Dataset excerpt:

▬▬▬▬▬▬

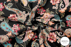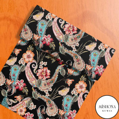 Siyah Fon Renkli Goblen Çiçekli Giyimlik Kumaş
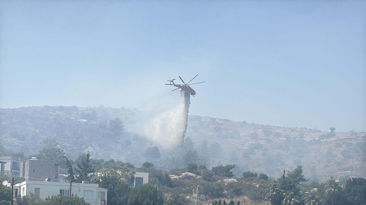 Göltürkbükü Mahallesi'nde makide çıkan yangına müdahale 5 helikopter, 3 uçak, 10 arazöz, 60 orman işçisi ile çok sayıda itfaiye ekipleri ile sürüyor. Bodrum İlçe Jandarma Komutanlığı'na bağlı ekipler tarafından bölgede yapılan incelemede yangının inşaatta yapılan çalışmada kaynak makinesinden çıktığının tespit edildiği belirtildi. Olayla ilgili inşaatta kaynak yaptığı belirlenen 1 şüpheli gözaltına alındı. Şüphelinin işlemleri sürüyor. (DHA)
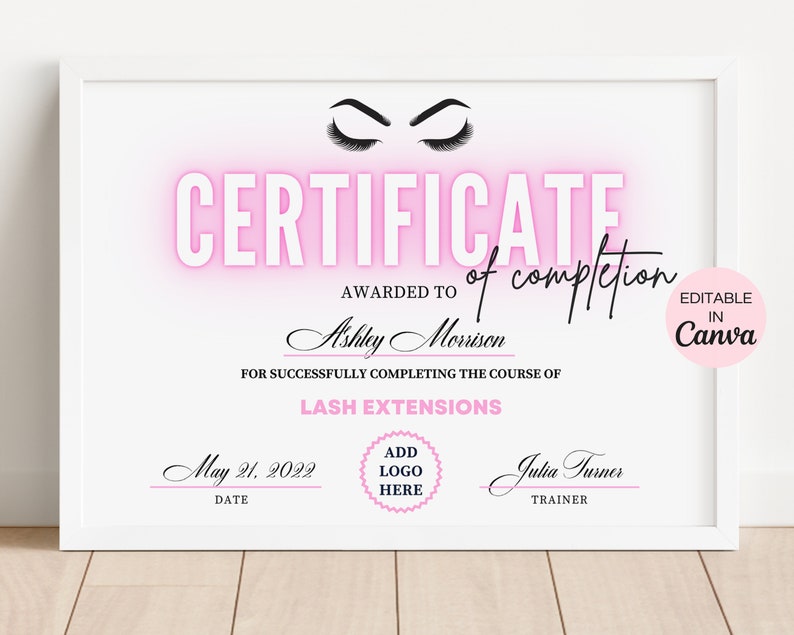 Lash Certificate of Completion Template Editable Makeup Etsy

▬▬▬▬▬▬

Problem details: With the pictures omitted, the material is to be transcribed exactly.

Response to this exercise:
 Siyah Fon Renkli Goblen Çiçekli Giyimlik Kumaş
 Göltürkbükü Mahallesi'nde makide çıkan yangına müdahale 5 helikopter, 3 uçak, 10 arazöz, 60 orman işçisi ile çok sayıda itfaiye ekipleri ile sürüyor. Bodrum İlçe Jandarma Komutanlığı'na bağlı ekipler tarafından bölgede yapılan incelemede yangının inşaatta yapılan çalışmada kaynak makinesinden çıktığının tespit edildiği belirtildi. Olayla ilgili inşaatta kaynak yaptığı belirlenen 1 şüpheli gözaltına alındı. Şüphelinin işlemleri sürüyor. (DHA)
 Lash Certificate of Completion Template Editable Makeup Etsy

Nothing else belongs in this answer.